The British men’s soccer team will not participate in the World Cup in Russia this summer “in the normal way’’ if the Kremlin is proven to be responsible for the unexplained illness of a former spy, the U.K. foreign secretary said.
Boris Johnson, speaking to lawmakers in the House of Commons on Tuesday, said it would be “very difficult to imagine that U.K. representation to [the World Cup] could go ahead in the normal way.”
“We would have consider that,” he said. He did not elaborate.
Johnson’s comments come two days after Sergei Skripal, a 66-year-old former Russian spy, fell ill after he was exposed to an “unknown substance.” His daughter Yulia, who was with him while they were at Matlins shopping center, also fell critically ill.
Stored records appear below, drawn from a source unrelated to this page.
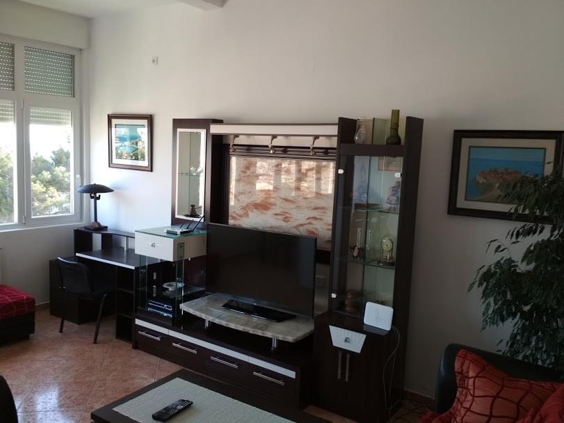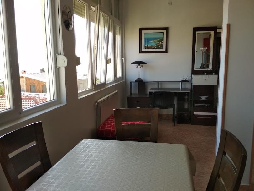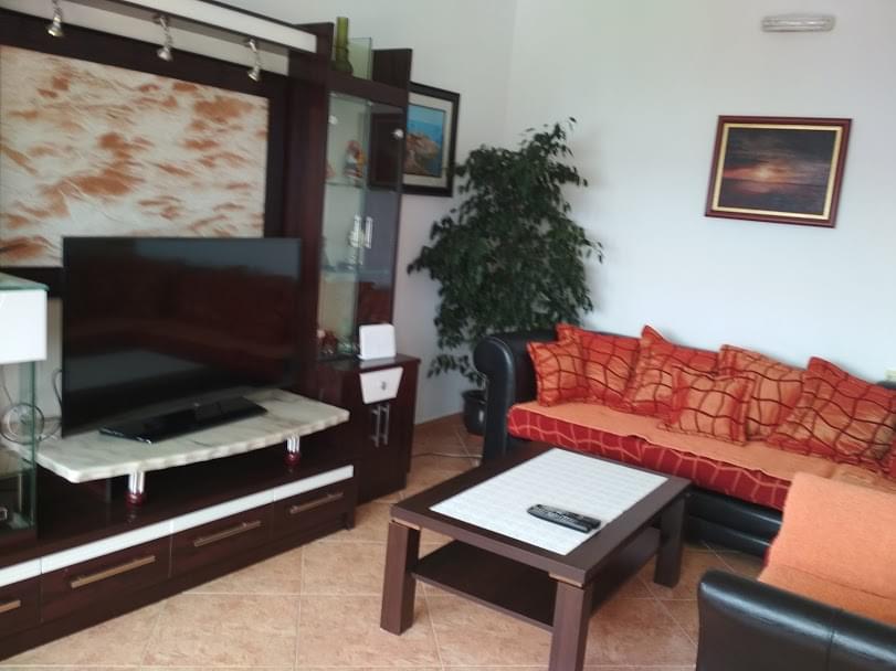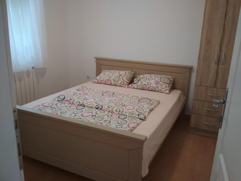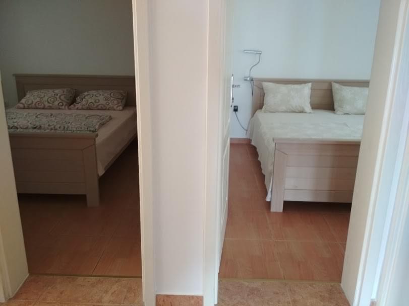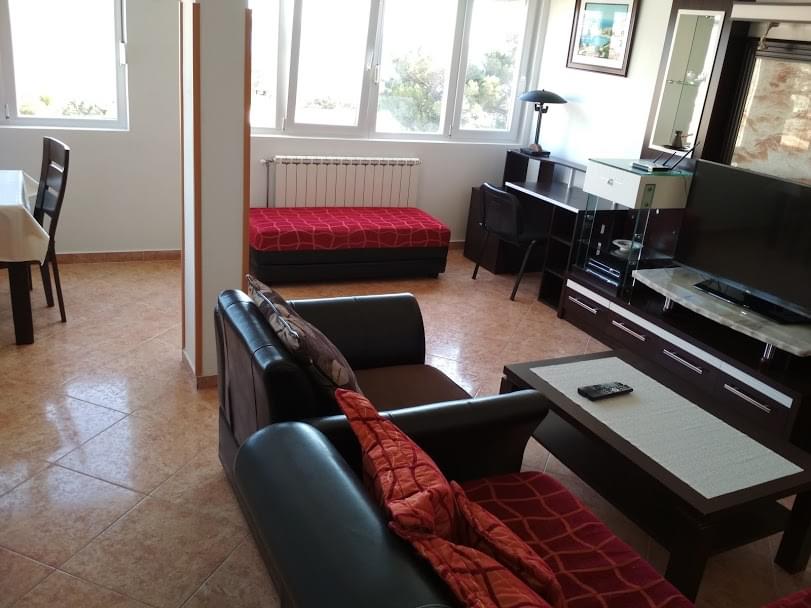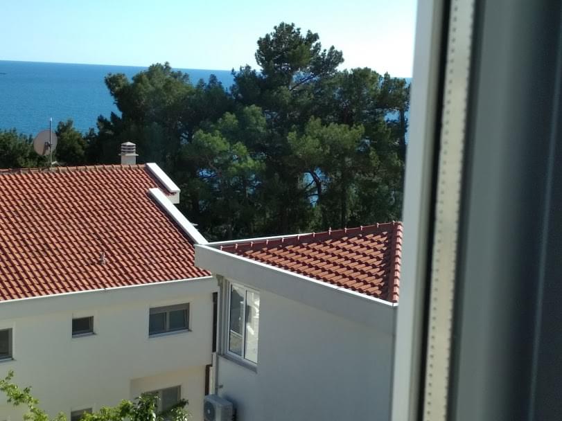 Апартман са погледом на море и град се налази на другом спрату виле удаљене 300м од плаже. Апартман је потпуно опремљен за удобан боравак 1-4 особе, има посебан улаз, ходник, дневни боравак, кухињу са трпезаријом, две спаваће собе, купатило. Апартман нема свој посебан балкон, али има целу предњу страну у стаклу -прозор- онда се види цео град, реон и море. Има терасу у дворишту. У дворишту је роштиљ и тераса са столовима. Поред куће је обезбеђен бесплатан паркинг. На путу до плаже и дуж плаже има много кафића, ресторана и маркета тако да се лако и удобно организују. Недалеко од куће иу пјешачкој доступности је неколико плажа, Жукотрлица, Тополица, Црвена плажа и Мала нудистичка плажа. Такође су недалеко и распоређени од 1-3км су центар града, пијаца, аутобуска и железничка станица. Аутобуско стајалиште за градски и међуградски саобраћај је недалеко од куће. Цена смештаја је од 35-80е и зависи од броја особа и сезоне.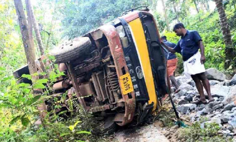 കരിങ്കല്ലുമായി പോയ ലോറി നിയന്ത്രണം വിട്ടു മറിഞ്ഞ നിലയിൽ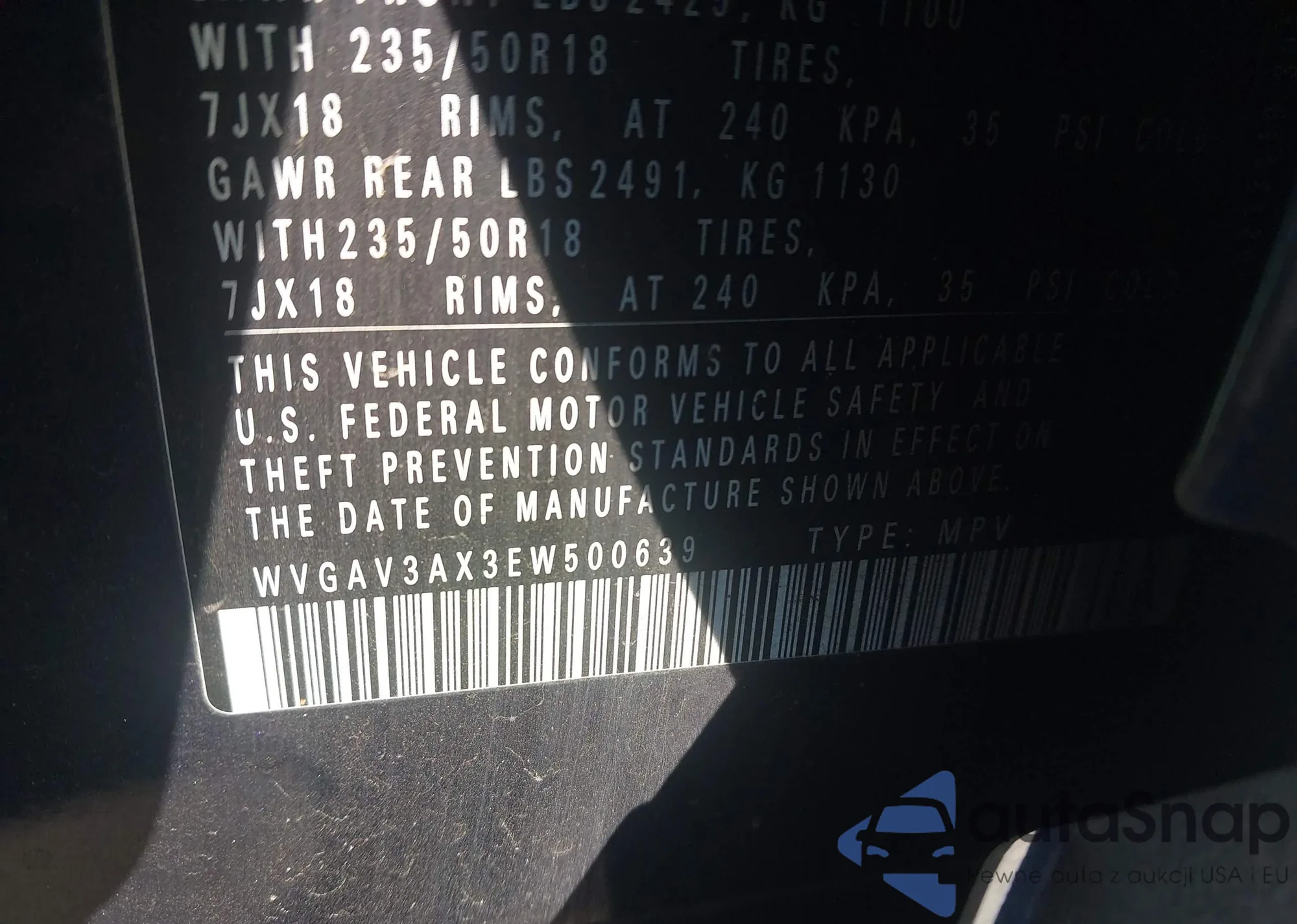 LOT: 44166891 VIN: WVGAV3AX3EW500639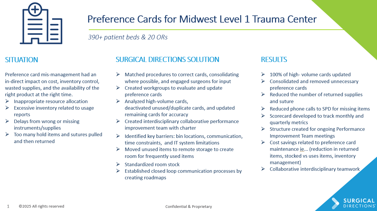 A 390+ bed, 20-OR trauma center tackled preference card chaos—standardizing stock, updating high-volume cards, and aligning surgeons and SPD. The result: fewer returns and calls, faster room readiness, cleaner inventory, and measurable cost savings driven by a new interdisciplinary performance model.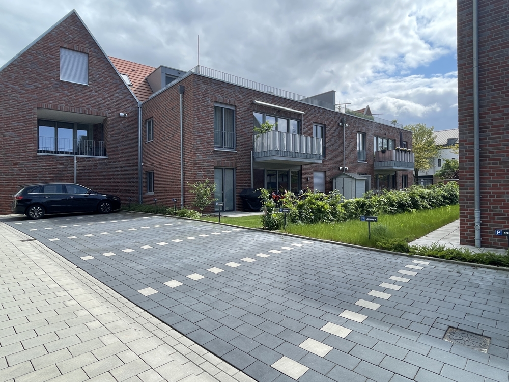 Darüber hinaus steht ein gemeinschaftlicher Fahrradraum mit jeweils einer eigenen Steckdose je Wohnung für E-Bikes sowie ein separater, nummerierter Abstellraum außerhalb der Wohnung zur Verfügung.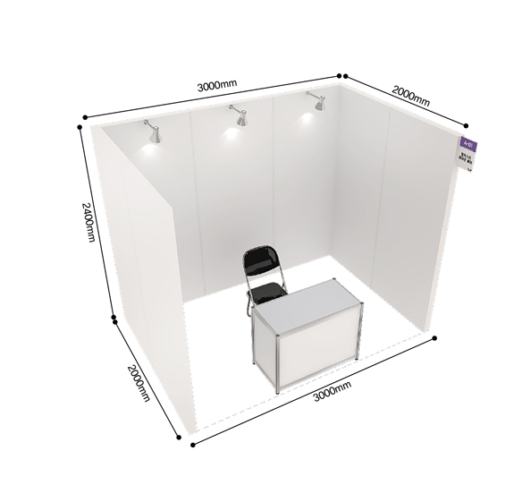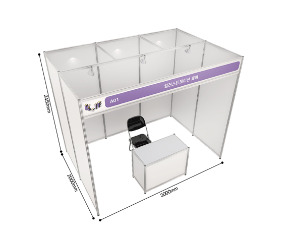 | 조립 부스 | 조립B 상세 보기 | 3m X 2m X 2.5m | 1,200,000원 / 부스 | 조립식 벽체, 간판, 조명, 안내데스크 및 의자 1조, 콘센트 1개 |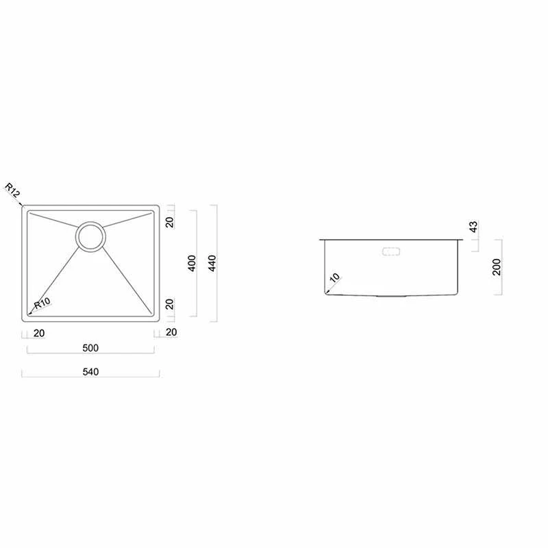 - Overall bowl dimensions (LxWxD): 500x400x200mm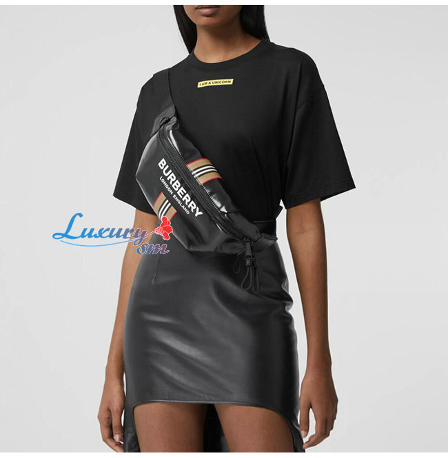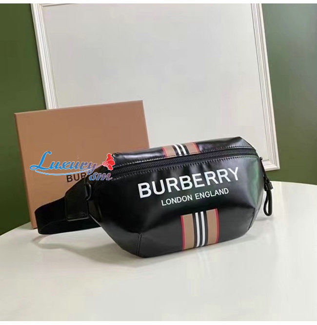 [스페셜오더]BURBERRY-80300181 버버리 블랙 로고 아이콘 스트라이프 프린트 쏘니 범 백

Skripal and his daughter are being treated at Salisbury District Hospital. The two were reportedly discovered unconscious on a bench at the shopping center when police responded.
Skripal was convicted in 2006 in Russia on charges of spying for Britain and sentenced to 13 years. But he was freed in 2010 in a U.S.-Russian spy swap.
On Tuesday, Johnson told lawmakers that Britain will have a "robust" response if Russian involvement is proven, including sanctions and other measures.
"No attempt to take innocent life on UK soil will go either unsanctioned or unpunished,” he said.
England was the only team from the U.K. to qualify for tournament, which is scheduled to take place in June and July.
Fox News' Kathleen Joyce and the Associated Press contributed to this report.